== Work instructions ==
Return the data exactly, apart from leaving out the pictures.

== Collected material ==
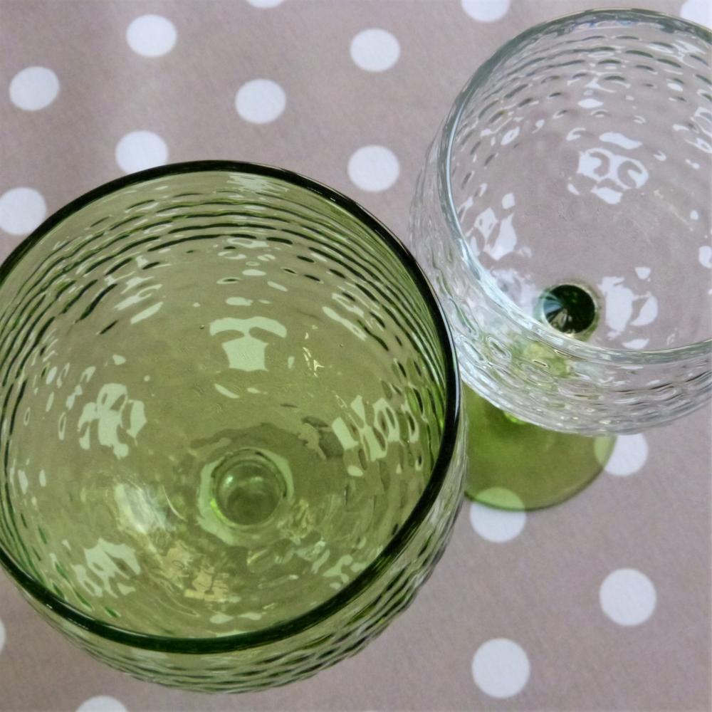 Verre à eau, coupe verte, pied transparent.Verre à vin, coupe transparente, pied vert.
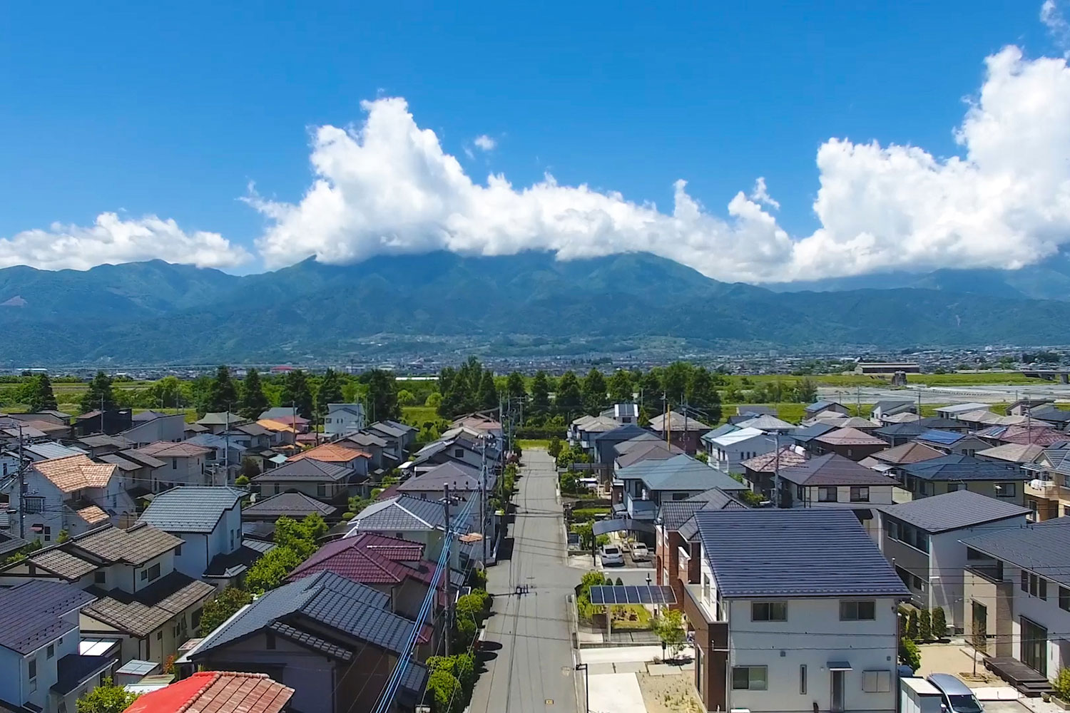 大きなリビング窓、高い天井の大空間でも家中暖かく、寒暖差が激しい山梨でも長く心地よい生活ができます。
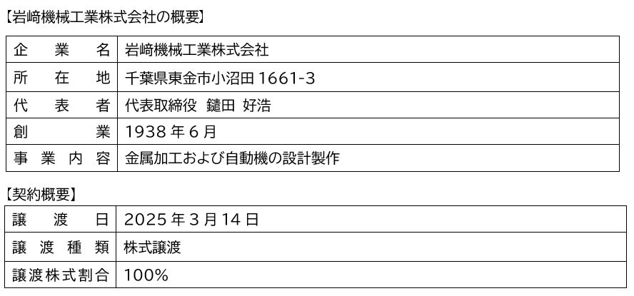 「ちばエンゲージメント1号投資事業有限責任組合」による岩﨑機械工業株式会社の株式譲受について
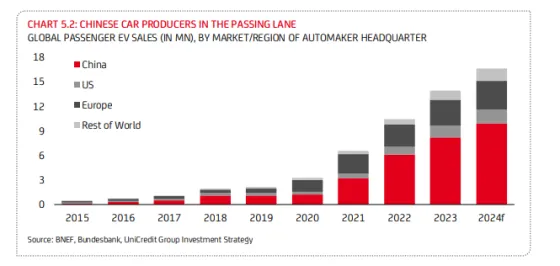Επιπλέον, οι πρόσφατοι δασμοί της ΕΕ στις κινεζικές μάρκες είναι πιθανό να μειώσουν το χάσμα τιμών μεταξύ των κινεζικών EV και των Ευρωπαίων ανταγωνιστών τους, αν και υπάρχει ο κίνδυνος οι κινέζοι πολιτικοί να αντεπιτεθούν και να εμποδίσουν τις πωλήσεις αυτοκινήτων της ΕΕ στην Κίνα. Αν και η UniCredit δεν αναμένει καμία κλιμάκωση των δασμών μεταξύ ΕΕ και Κίνας, οι κινεζικές μάρκες είναι πιθανό να αυξήσουν την τοπική παραγωγή στην ΕΕ για τις ευρωπαϊκές αγορές για να αποφύγουν τους δασμούς εισαγωγής. Τα προστατευτικά εμπορικά μέτρα της ΕΕ μπορεί επίσης να υποστηρίξουν την nearshoring (τοπική) παραγωγή αυτοκινήτων, η οποία θα μπορούσε να είναι ιδιαίτερα σημαντική για τις οικονομίες της Κεντρικής και Ανατολικής Ευρώπης, καθώς στοχεύουν στην προσέλκυση άμεσων ξένων επενδύσεων μέσω χαμηλότερου κόστους εργασίας και εταιρικών φόρων.

== Exercise result ==
 Verre à eau, coupe verte, pied transparent.Verre à vin, coupe transparente, pied vert.
 大きなリビング窓、高い天井の大空間でも家中暖かく、寒暖差が激しい山梨でも長く心地よい生活ができます。
 「ちばエンゲージメント1号投資事業有限責任組合」による岩﨑機械工業株式会社の株式譲受について
Επιπλέον, οι πρόσφατοι δασμοί της ΕΕ στις κινεζικές μάρκες είναι πιθανό να μειώσουν το χάσμα τιμών μεταξύ των κινεζικών EV και των Ευρωπαίων ανταγωνιστών τους, αν και υπάρχει ο κίνδυνος οι κινέζοι πολιτικοί να αντεπιτεθούν και να εμποδίσουν τις πωλήσεις αυτοκινήτων της ΕΕ στην Κίνα. Αν και η UniCredit δεν αναμένει καμία κλιμάκωση των δασμών μεταξύ ΕΕ και Κίνας, οι κινεζικές μάρκες είναι πιθανό να αυξήσουν την τοπική παραγωγή στην ΕΕ για τις ευρωπαϊκές αγορές για να αποφύγουν τους δασμούς εισαγωγής. Τα προστατευτικά εμπορικά μέτρα της ΕΕ μπορεί επίσης να υποστηρίξουν την nearshoring (τοπική) παραγωγή αυτοκινήτων, η οποία θα μπορούσε να είναι ιδιαίτερα σημαντική για τις οικονομίες της Κεντρικής και Ανατολικής Ευρώπης, καθώς στοχεύουν στην προσέλκυση άμεσων ξένων επενδύσεων μέσω χαμηλότερου κόστους εργασίας και εταιρικών φόρων.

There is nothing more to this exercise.